= Amanda Sandborg Waesterberg =

Swedish composer

Amanda Teresia Waesterberg (1842–1918) was a Swedish composer.

== Biography ==
Amanda (née Sandborg) was born in Stockholm on 16 December 1842 as the daughter of Carl Sandborg (1793−1862), a cantor at Maria Magdalena Church and the Royal Swedish Opera, and his wife Frederica Cecilia (née Hagberg). At her baptism, Jacob Niclas Ahlström, conductor at the Royal Court of Sweden, was one of Amanda's godfathers. After having received her first music lessons at home together with her siblings, she enrolled in the class choir at the educational institution of the Royal Swedish Academy of Music. She was married to Lars Magnus Waesterberg, and became the mother-in-law of the industrialist Fredrik Ljungström.

From 1875, under the pen name "A S-g", Amanda Sandborg Waesterberg composed hundreds of works. She was also active in piano pedagogy. As a member of the Protestant free church in Sweden, many of her works were sacred songs. Half of the sacred ones were written for one or more voices with accompaniment. The remainder were in four-part harmonies for choir or for congregational singing.

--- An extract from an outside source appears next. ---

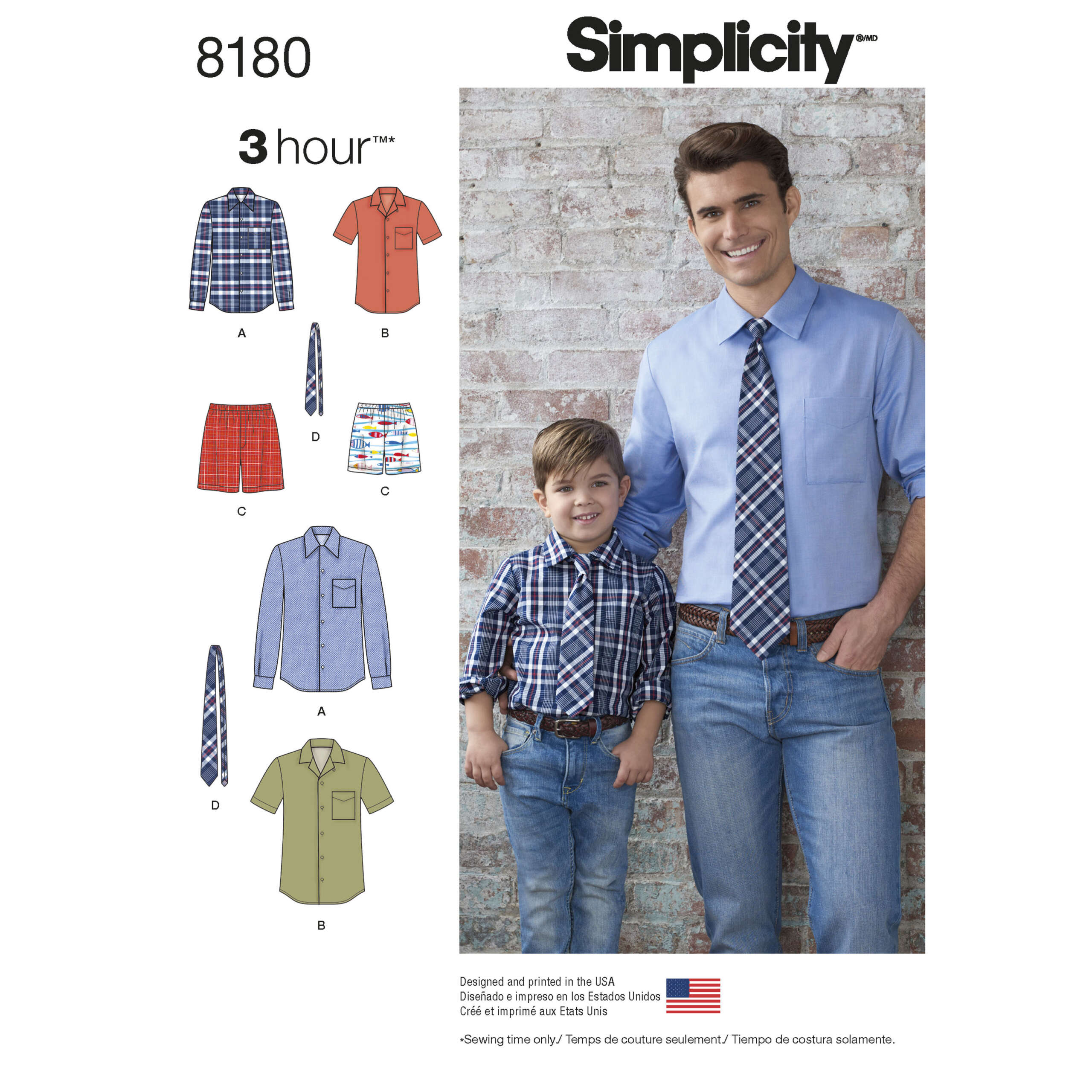 Get these essential pieces for boys and men in this 3 Hour sewing pattern including short or long sleeve collared shirt with chest pocket, boxer shorts with elastic waist, and tie. This pattern is great for coordinating or matching outfits.

Stylistically, Sandborg-Waesterberg was typical of mid-1800s song composition: a style that continued to be used in bourgeoisie salon music as well as within the frikyrkan, even when it had lost its pertinence in coeval art music. [...] Since she was a pianist and accompanist herself, her piano parts are often quite elaborate and independent from the vocal parts. In some of her songs one can hear virtuosic figurations or onomatopoeic verse, interpretive of the chirping of birds in the coloratura-like ornamented vocal part. Several of her earlier songs relate to art music arrangements of folk tunes. She creates dramatic effects with the use of diminished chords.